I have the following code:
function fadeIn()
{
$(".home_photo").fadeTo(1000, 1.0 ).delay(5 * 1000);
fadeOut();
}
function doSwap()
{
console.log('Swap');
... There is some Ajax Code here that swaps the image in the divs ...
fadeIn();
}
function fadeOut()
{
$(".home_photo").fadeTo(1000, 0.01, doSwap );
}
$(document).ready(function(){
fadeOut();
});
Here is the HTML that goes with it:
<body>
<div id="photowrapper">
<div class="home_photo" id="img1"></div>
<div class="home_photo" id="img2"></div>
<div class="home_photo" id="img3"></div>
<div class="home_photo" id="img4"></div>
</div>
</body>
The jQuery script runs one time for each member of the class "home_photo". The problem is that the doSwap function runs 4 times for each swap cycle (fadeOut, doSwap, fadeIn).
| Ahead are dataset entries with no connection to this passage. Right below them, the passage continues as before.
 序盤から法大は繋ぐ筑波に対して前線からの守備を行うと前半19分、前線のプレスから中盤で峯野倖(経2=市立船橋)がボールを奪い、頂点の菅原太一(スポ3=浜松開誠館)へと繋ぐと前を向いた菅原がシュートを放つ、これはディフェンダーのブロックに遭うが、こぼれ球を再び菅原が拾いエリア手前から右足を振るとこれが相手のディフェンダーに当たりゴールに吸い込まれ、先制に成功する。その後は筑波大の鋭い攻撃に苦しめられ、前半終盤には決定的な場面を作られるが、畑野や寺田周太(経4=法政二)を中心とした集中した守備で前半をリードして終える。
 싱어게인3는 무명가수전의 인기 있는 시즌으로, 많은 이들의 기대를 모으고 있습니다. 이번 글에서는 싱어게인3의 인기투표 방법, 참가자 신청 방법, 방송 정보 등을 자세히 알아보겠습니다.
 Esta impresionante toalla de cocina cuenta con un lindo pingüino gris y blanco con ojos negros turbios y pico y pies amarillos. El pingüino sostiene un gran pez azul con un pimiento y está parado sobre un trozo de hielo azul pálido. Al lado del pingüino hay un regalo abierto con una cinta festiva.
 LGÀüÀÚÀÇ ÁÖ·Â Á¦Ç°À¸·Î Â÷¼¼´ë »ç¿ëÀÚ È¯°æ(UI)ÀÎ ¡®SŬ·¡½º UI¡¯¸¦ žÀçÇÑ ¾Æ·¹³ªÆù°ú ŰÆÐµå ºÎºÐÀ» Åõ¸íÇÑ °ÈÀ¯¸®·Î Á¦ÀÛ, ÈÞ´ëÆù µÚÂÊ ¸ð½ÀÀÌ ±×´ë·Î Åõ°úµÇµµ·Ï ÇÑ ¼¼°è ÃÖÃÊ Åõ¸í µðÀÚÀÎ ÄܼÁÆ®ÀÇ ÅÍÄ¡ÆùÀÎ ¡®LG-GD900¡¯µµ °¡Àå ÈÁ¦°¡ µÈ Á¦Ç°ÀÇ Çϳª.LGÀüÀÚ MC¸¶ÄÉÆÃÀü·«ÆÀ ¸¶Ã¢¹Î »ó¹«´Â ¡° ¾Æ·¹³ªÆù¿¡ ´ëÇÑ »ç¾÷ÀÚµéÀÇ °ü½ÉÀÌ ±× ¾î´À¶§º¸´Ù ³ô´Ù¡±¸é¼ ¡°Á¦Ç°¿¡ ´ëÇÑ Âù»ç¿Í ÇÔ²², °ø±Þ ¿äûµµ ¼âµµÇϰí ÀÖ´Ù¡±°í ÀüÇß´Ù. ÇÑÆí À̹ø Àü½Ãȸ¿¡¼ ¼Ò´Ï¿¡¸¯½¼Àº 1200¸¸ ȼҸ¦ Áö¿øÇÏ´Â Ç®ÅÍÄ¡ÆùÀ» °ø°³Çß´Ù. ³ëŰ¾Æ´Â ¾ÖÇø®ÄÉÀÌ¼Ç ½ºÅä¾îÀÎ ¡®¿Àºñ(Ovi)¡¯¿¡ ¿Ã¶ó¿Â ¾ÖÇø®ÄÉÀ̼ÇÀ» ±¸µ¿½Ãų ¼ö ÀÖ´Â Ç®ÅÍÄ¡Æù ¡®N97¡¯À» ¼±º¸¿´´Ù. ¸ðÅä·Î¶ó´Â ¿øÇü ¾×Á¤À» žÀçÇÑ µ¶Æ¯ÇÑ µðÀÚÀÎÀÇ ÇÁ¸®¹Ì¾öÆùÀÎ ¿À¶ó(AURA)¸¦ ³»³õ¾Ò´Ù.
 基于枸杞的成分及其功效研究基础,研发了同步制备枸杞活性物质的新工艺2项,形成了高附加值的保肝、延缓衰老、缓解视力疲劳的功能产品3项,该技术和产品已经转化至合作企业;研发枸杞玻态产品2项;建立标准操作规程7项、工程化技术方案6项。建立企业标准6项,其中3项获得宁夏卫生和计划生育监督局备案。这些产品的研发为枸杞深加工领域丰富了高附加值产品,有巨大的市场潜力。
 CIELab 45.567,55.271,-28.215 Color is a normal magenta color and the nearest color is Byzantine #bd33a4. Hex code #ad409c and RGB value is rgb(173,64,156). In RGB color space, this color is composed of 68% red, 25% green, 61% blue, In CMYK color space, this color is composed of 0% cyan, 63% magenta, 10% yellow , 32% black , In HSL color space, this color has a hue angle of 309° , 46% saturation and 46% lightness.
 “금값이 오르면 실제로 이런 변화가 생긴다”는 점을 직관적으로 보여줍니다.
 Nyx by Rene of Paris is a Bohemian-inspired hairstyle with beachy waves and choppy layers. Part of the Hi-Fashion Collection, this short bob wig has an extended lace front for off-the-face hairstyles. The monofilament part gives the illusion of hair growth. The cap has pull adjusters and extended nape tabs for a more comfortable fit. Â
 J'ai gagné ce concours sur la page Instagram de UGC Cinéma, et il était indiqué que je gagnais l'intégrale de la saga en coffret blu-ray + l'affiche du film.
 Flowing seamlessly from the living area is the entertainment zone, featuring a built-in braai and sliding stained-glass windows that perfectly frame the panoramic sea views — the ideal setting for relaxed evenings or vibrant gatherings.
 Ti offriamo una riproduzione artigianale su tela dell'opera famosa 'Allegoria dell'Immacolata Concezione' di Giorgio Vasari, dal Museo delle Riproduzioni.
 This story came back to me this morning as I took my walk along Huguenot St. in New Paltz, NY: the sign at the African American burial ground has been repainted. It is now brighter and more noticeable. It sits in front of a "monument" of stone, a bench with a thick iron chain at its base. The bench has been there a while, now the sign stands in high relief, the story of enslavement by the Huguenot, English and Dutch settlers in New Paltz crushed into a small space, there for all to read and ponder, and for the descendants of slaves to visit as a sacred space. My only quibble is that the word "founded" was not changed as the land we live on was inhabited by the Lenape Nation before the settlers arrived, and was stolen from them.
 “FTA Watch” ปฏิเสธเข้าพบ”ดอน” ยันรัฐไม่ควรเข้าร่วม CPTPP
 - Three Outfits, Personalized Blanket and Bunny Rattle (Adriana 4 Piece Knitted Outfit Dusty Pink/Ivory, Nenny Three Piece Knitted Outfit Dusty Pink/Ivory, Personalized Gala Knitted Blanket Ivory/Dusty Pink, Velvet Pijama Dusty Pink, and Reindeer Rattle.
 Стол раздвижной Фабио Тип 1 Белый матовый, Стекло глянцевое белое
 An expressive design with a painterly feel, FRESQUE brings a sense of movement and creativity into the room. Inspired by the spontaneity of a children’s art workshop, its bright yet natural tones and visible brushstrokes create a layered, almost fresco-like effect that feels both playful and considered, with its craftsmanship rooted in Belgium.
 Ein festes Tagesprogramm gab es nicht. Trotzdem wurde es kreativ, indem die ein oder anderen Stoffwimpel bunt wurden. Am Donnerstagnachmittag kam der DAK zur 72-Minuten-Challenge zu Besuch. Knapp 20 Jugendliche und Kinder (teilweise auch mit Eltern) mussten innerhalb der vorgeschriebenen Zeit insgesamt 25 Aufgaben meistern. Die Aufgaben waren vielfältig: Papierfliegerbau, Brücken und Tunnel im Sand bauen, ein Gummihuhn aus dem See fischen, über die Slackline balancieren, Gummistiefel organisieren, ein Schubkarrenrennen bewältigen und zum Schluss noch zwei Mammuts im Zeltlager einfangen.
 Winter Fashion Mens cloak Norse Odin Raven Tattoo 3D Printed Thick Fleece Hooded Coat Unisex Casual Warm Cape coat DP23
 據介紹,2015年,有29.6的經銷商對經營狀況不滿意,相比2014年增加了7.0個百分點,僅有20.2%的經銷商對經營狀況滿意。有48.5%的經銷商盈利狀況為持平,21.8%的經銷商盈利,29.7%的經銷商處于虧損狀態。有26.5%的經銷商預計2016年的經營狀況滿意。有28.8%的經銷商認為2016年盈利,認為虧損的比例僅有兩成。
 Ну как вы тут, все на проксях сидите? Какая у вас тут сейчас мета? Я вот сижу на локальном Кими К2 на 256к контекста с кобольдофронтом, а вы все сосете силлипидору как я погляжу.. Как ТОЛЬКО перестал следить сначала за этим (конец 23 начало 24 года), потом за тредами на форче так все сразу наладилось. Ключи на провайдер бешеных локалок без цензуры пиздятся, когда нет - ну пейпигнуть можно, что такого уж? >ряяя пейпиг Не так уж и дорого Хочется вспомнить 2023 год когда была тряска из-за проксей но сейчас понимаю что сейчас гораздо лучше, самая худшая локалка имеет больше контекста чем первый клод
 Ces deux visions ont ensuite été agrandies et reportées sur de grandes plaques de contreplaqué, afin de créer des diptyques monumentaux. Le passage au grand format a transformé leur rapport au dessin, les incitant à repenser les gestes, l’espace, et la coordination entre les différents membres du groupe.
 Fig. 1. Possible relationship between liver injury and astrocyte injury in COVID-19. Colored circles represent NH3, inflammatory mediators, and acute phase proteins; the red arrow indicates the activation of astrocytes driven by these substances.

What do I need to do so that the script will only run once per swap instead of once for each class member?
If you want doSwap()
to run after the fadeTo()
has completed you could use a jQuery deferred object to control the process:
$.when(function() {
var deferred = $.Deferred();
$(".home_photo").fadeTo(1000, 0.01, function(){
deferred.resolve();
});
return deferred;
}).then(function(){
doSwap();
});